Rendering is the process of converting a 3D (three dimensional) geometric model into a graphic image. The rendering of an animation scene is a highly time-consuming process, because one animation generally consists of tens of thousands of frames. As the demand for visual effect is getting higher and higher, the resolution of each frame is also getting higher and higher, the number of pixels is getting higher and higher, it may take hours to complete the rendering of a picture.
As the modern graphic hardware acceleration technology progresses, the high speed development of GPU (graphics processing unit) has greatly improved the speed and quality of computer graphic processing, advancing the rapid development of application fields related to computer graphics. Meanwhile, the high speed and parallelism of a GPU rendering pipeline has provided a good platform for a general purpose GPU computation.
In recent years, as the popularization of GPU on battery-powered mobile devices, many Apps that require real-time rendering technology have emerged on such devices. Computation required by such Apps can quickly consume the battery power, on one hand, it is adverse to the life cycle of the battery, more importantly, it reduces the standby time of the mobile device, causing limitation to the user of the device.
Under this background, rendering under the energy consumption precomputation has become an actual demand. Reducing the energy consumption demand of the rendering-related Apps is one of the challenges facing the future computer graphics field.
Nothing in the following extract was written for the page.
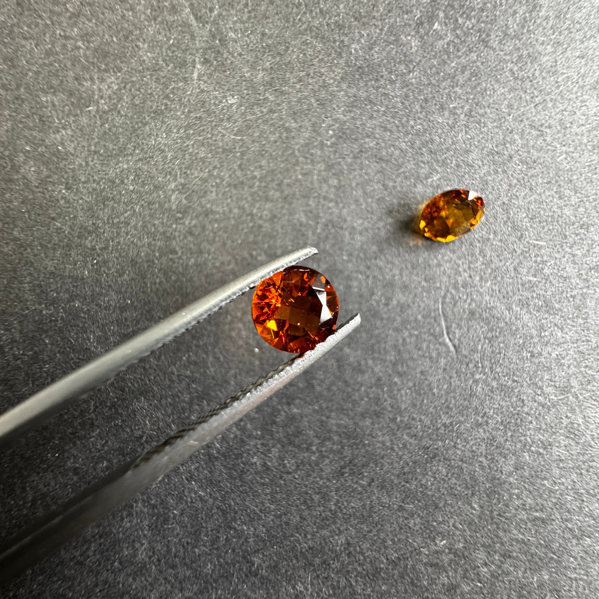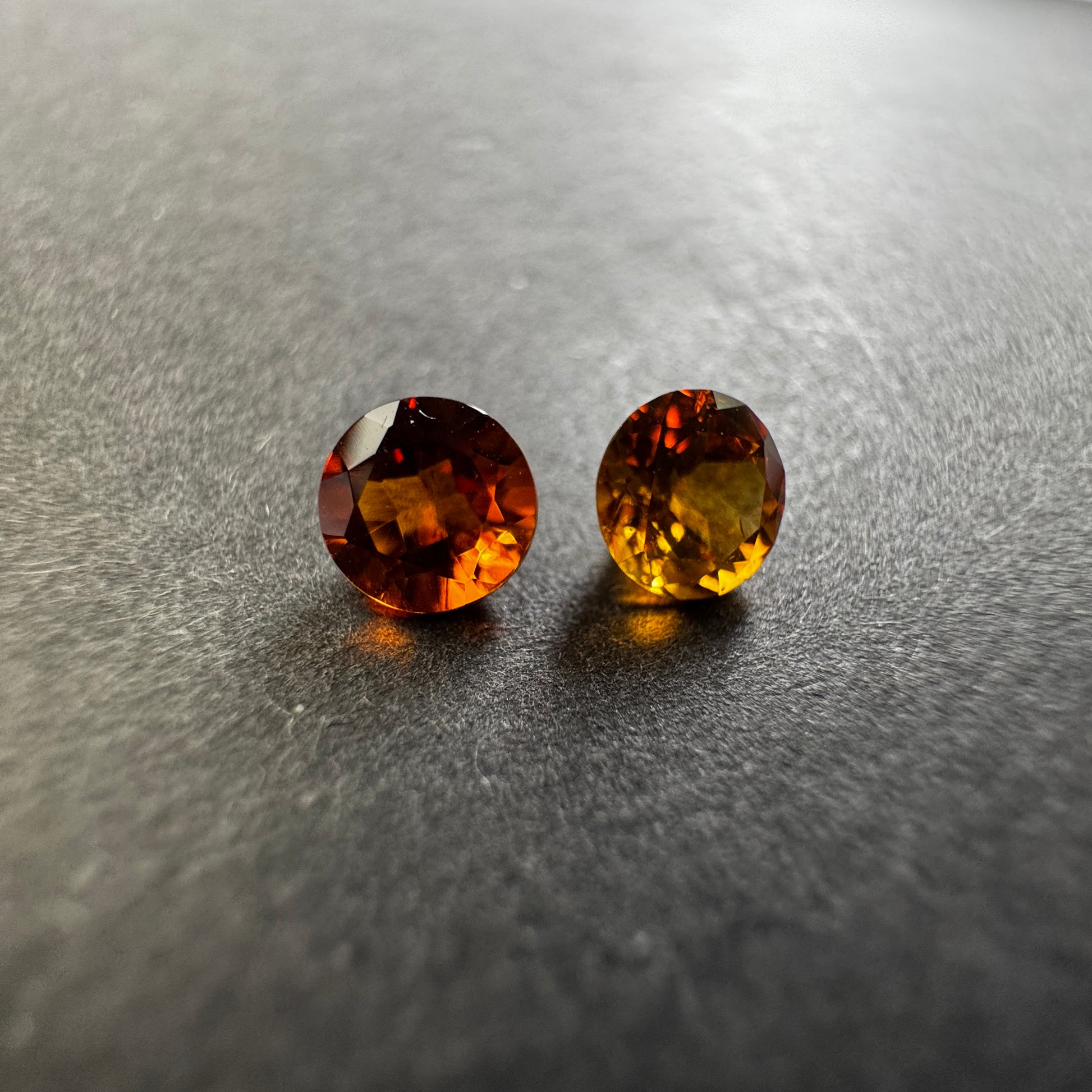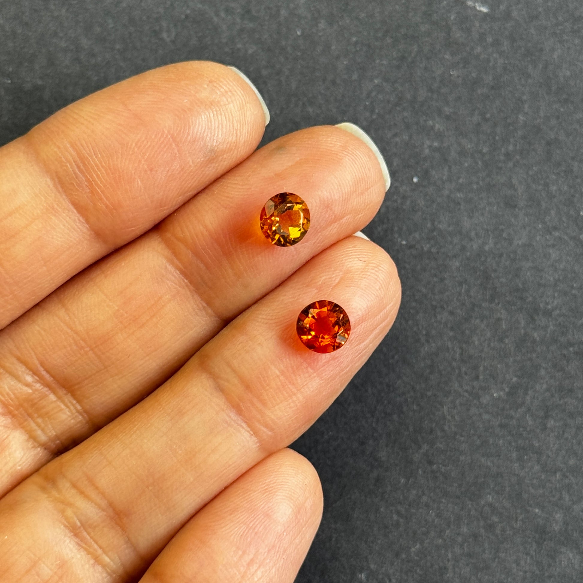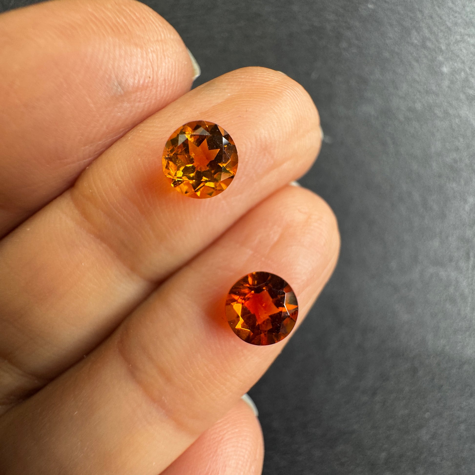 Dieses Set aus zwei exquisiten Citrin-Edelsteinen, fachmännisch gefertigt von EB664, besticht durch ein Gewicht von 2,121 ct und eine runde Form von 5,7 mm. Dank ihrer Transparenz und der wärmebehandelten Oberfläche verleihen diese Edelsteine jedem Schmuckstück einen Hauch von gelb-orangefarbener Eleganz. Aus Deutschland, mit Liebe.

However, currently, there is not a universal solution, and there is much potential in this field that is not explored yet. In the strategy of reducing the energy consumption demand of the graphic App running on battery-powered device, to reduce the computation load in the graphic rendering pipeline is proved to be an effective solution. However, the scope of application of most existing solutions is limited, they are generally applicable to a certain specific App only.
Besides, most methods in the prior art realize the purpose of optimizing resources and reducing energy consumption based on specific graphic pipeline design and hardware. Due to that they are realized through base hardware, the existing hardware structure of the device needs to be changed at high cost.
Some other methods reduce the energy consumption through adaptive device brightness tuning. However, this cannot ensure the image quality, and doesn't actually solve the problem.